L’Amazonie péruvienne consumée par l’exploitation aurifère illégale

Csaba Nagy de Pixabay

58
Csaba Nagy de Pixabay
⏱ Lecture 3 mn.

Sur les rives du fleuve Madre de Dios, des dragues aspirent jour et nuit les sédiments à la recherche d’or. L’exploitation illégale dévore la forêt amazonienne au Pérou, grand producteur mondial du précieux métal.

La région de Madre de Dios, dans le sud-est du pays, à la frontière avec le Brésil et la Bolivie, a perdu depuis 2017 en moyenne 21.000 hectares de forêt par an, soit deux fois la superficie de Paris.

Là où il y avait de la végétation, s’ouvrent désormais de vastes carrières inondées d’eau ocre où les dragues sont à l’oeuvre sans discontinuer.

« Les membres de la communauté ne peuvent plus planter ni maïs, ni bananes, ni yucca, car cette terre est pratiquement morte », déplore Jaime Vargas, un chef indigène de 47 ans, promoteur d’une reforestation des sites miniers abandonnés.

Bien que l’activité soit interdite sur leurs terres, les indigènes sont les premiers à subir les activités minières illégales, même si certains y prennent part.

« C’est l’État qui est responsable, à cause de son désordre » dans la gestion de l’exploitation minière, dénonce auprès de l’AFP le chef indigène du peuple Shipibo.

Trois types d’exploitations aurifères coexistent au Pérou: la légale, l’informelle qui tente d’achever le tortueux processus de légalisation, et l’illégale, dont l’activité finance le crime organisé.

Cours de l’or

« Les mineurs illégaux nous envahissent de toutes parts », peste Lucio Quispe, 40 ans, plus empreint de résignation que de colère. Avec sa famille, il exploite une concession de 200 hectares située à deux heures environ de route de la capitale régionale Puerto Maldonado.

Ses deux frères ont tout récemment été attaqués à la machette, dans une région où les affrontements autour des sites miniers sont monnaie courante.

En 2022, le Pérou a produit officiellement 96 tonnes d’or, mais environ 180 ont été exportées, principalement vers le Canada, l’Inde, la Suisse et les États-Unis, selon les données officielles.

« Quarante-cinq pour cent des exportations n’ont pas de registre de production », souligne l’organisme qui supervise le secteur bancaire et collabore à la lutte contre le blanchiment d’argent.

Des études indépendantes placent le pays au premier rang des exportateurs d’or illégaux en Amérique du Sud, avec 44%, devant la Colombie (25%) et la Bolivie (12%), selon l’Institut péruvien d’économie, un centre de réflexion.

C’est que le cour de l’or a grimpé en flèche au cours des quatre dernières années pour atteindre un niveau record en mai. Le Pérou est le dixième producteur d’or au monde et le deuxième en Amérique latine, selon l’Institut de géophysique américain USGC.

En 2010, un corridor minier de 5.000 km2 a été délimité, afin notamment de protéger réserves et parcs nationaux de la région. Prévue pour l’exploitation minière légale, l’activité informelle y est exceptionnellement autorisée jusqu’à la fin de l’année. Depuis 2016, date du début du processus de légalisation, les autorités ont repoussé l’échéance à plusieurs reprises.

« Or écologique »

Sur les 9.000 inscrits en 2019 -date d’expiration de la période d’enregistrement- seuls 200 ont obtenu jusqu’à présent une licence, selon Augusto Villegas, directeur régional de l’énergie et des mines.
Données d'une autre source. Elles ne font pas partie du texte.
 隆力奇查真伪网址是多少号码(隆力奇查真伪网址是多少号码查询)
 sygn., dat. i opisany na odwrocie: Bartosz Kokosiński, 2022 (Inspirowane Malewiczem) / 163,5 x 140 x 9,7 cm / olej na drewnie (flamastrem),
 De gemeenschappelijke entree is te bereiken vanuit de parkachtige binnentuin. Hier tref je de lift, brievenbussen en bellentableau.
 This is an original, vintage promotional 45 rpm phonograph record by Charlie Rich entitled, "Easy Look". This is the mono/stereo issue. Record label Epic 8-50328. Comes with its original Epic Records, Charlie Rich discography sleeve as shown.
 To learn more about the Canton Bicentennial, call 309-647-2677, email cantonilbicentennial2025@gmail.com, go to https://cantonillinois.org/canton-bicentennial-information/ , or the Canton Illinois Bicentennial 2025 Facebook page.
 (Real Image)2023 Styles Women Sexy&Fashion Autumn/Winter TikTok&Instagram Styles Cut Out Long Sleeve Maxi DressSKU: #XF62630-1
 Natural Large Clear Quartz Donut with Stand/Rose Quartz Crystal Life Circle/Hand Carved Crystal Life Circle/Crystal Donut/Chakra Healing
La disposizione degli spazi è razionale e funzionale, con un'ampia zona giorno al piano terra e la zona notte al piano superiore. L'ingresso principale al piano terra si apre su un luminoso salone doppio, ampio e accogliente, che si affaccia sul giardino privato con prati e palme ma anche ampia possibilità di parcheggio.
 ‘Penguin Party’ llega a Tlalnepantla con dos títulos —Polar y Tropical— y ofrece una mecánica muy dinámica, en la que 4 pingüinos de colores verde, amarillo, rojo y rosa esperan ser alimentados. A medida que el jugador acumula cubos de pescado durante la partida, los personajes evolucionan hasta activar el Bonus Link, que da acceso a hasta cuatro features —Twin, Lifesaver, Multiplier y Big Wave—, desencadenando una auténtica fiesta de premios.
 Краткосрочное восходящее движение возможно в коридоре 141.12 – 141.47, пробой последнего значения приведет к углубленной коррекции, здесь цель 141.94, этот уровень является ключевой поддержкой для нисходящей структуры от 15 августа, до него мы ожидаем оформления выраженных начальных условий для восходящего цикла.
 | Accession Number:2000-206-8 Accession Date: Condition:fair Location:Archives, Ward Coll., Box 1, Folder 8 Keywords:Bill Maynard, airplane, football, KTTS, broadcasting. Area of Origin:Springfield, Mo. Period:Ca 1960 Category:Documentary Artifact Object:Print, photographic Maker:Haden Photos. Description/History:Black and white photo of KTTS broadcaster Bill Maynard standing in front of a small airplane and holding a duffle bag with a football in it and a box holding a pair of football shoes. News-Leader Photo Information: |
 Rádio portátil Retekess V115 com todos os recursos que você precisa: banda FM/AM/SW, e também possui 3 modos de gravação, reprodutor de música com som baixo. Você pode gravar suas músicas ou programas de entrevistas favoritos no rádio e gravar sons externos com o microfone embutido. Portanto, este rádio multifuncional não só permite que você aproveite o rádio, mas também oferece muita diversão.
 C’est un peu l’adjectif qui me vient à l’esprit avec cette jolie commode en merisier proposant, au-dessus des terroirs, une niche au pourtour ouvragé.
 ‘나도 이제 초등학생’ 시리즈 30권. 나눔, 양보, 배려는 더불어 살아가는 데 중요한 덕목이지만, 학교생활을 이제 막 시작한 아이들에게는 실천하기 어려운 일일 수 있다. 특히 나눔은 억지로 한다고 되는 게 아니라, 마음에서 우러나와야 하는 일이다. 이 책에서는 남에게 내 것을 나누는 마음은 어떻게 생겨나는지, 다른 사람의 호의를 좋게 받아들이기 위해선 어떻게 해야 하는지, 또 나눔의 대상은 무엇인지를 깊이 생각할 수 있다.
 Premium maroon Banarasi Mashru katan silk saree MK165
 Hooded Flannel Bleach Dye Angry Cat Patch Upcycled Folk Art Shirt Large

Dans le corridor, on exploite l’or alluvionnaire. Dans 100 mètres cubes de terre, on extrait environ 10 à 15 grammes d’or, dont la valeur au gramme peut atteindre les 63 dollars.

« Mais on ne peut pas faire d’omelettes sans casser des œufs, on ne peut pas extraire à Madre de Dios sans sacrifier la forêt », reconnaît-il.

Par ailleurs, de nombreux mineurs continuent d’utiliser du mercure, pour séparer l’or des sédiments, bien que le pays a signé un accord international visant a l’éliminer progressivement et depuis 2015 interdit son importation.

Face à l’explosion des prix de la substance toxique qui s’en est suivie, certains exploitants miniers se sont tournés vers « l’or écologique ».

Lucila Huanco, 54 ans, n’utilise plus de mercure depuis trois ans dans sa concession de 3.000 hectares. Elle l’a remplacé par la technique de la séparation par gravité.

Si au départ elle a rencontré des difficultés pour écouler sa production, différente de celle extraite avec du mercure, elle assure avoir désormais un client à Lima qui lui paye 70 dollars le gramme d’or.

« Honnêtement, je ne veux plus qu’on nous montre du doigt comme étant des pollueurs », clame-t-elle.